(Beginning of The data)
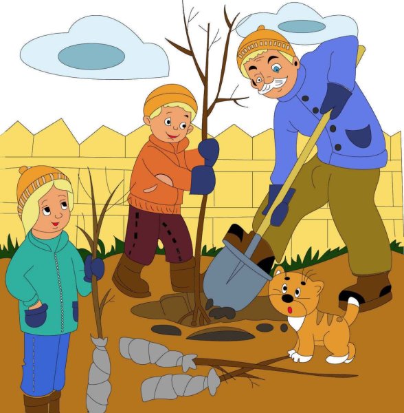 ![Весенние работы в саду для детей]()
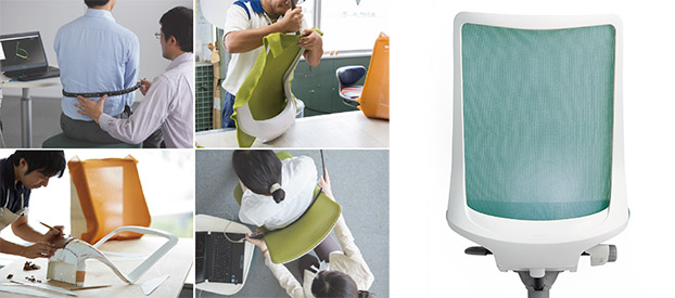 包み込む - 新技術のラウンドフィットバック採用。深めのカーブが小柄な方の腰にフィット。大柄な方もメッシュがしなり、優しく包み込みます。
(End of The data)
(Beginning of The data)
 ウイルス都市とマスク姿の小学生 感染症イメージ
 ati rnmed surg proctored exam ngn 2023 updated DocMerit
(End of The data)
→ **Task statement**
Above are the entries. Quote exactly the lines from the one bearing "ウイルス都市とマスク姿の小学生 感染症イメージ" through the one bearing "ati rnmed surg".

→ **The answer**
 ウイルス都市とマスク姿の小学生 感染症イメージ
 ati rnmed surg proctored exam ngn 2023 updated DocMerit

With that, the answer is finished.